Since last September, my 10-year-old has missed 5 days of school, 4 of them due to illness, and 1 for an out-of-town trip. Imagine my surprise when I get a letter from the school in February, a thinly veiled threat, saying that my daughter has too many absences and I may be summoned before the School Attendance Review Board, a panel consisting of a chairperson, a police officer, a psychologist and the principal. I can just picture that Nuremberg-like meeting now:
“Ms. Armitage, WHY HAS YOUR DAUGHTER MISSED 5 DAYS OF SCHOOL?!”
Frightened into confessing the truth, I reply, “Uh . . . because she was sick.” Then, a school administrator tells me, I must sign a contract that outlines a strategy for better attendance.

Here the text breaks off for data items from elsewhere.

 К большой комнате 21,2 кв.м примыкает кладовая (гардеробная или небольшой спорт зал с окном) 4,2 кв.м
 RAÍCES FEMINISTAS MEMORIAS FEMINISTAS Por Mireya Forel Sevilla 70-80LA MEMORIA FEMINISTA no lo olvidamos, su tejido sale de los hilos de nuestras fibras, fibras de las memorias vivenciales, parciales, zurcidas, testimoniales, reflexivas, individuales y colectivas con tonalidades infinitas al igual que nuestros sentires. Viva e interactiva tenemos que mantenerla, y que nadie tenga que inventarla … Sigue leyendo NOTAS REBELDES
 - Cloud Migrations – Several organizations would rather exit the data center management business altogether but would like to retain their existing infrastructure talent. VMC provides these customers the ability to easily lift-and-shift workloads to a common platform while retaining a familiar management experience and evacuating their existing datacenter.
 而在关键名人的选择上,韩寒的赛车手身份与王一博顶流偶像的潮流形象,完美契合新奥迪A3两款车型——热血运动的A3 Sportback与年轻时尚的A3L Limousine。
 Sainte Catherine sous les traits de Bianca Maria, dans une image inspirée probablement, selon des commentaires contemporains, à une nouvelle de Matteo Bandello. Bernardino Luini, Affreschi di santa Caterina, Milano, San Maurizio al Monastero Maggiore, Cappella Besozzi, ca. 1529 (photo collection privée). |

My friend’s son has missed 20 days of school. He has asthma and gets ill very easily. She’s a teacher and has missed as many days, too, to nurse her son back to health. I know first-hand that she is a wonderful mother. Next week, she has to appear before the district attorney to explain her egregious parenting.

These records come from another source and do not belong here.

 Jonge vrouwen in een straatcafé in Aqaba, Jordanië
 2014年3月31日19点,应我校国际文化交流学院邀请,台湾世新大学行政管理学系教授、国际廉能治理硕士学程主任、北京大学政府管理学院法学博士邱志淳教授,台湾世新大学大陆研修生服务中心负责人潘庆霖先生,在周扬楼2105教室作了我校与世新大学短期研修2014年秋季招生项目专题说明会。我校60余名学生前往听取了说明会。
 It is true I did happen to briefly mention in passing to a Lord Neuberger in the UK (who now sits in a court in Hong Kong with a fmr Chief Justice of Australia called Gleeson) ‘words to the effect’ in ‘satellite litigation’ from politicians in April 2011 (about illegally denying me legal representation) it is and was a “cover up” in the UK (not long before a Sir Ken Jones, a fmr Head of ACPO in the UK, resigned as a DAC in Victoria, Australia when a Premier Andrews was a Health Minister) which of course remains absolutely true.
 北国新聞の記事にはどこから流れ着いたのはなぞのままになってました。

So, what is driving our public schools to police the judgment of good parents and in some cases, threaten legal action? Average Daily Attendance. For every day that your child occupies a seat in the classroom, the school gets paid for it.
“Every student generates a unit of base income for their district,” explains Barry Blade, assistant superintendent of business services for the Fountain Valley School District. “In 2007-08, a student in the FVSD generates $5,515 for the year.” After all the number-crunching, Blade estimates his district loses about $1,015 per student, per year, due to absenteeism.

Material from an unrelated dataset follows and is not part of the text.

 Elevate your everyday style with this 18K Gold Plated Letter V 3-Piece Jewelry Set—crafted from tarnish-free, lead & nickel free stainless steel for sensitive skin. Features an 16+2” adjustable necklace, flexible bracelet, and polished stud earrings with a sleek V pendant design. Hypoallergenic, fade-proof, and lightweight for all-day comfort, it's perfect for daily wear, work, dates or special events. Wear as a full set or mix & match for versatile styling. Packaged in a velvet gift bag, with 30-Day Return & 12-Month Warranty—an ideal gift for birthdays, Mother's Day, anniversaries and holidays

Some schools have chosen positive reinforcement as a way to boost attendance and keep the much-needed funds flowing in. Last year, a Century High junior in the Santa Ana Unified School District won a new Chevrolet Aveo for a semester of perfect attendance. That cash-poor district has also raffled off new televisions in previous years to students who show up every day.
Look, I understand that the county’s public schools are severely underfunded, and now there’s pressure to cut another $204 million from the budget, according to ocregister.com. Good, tenured teachers will lose their jobs and our children will be crammed into overpopulated classrooms. But I don’t think bribing students with cars or threatening parents to send their sick children to school is a smart approach to the problem. In fact, they are acts of desperation. Can’t school administrators understand basic logic, basic math: If we send our sick children to school, they will get other children sick and there will be even fewer bodies in the classroom the next day.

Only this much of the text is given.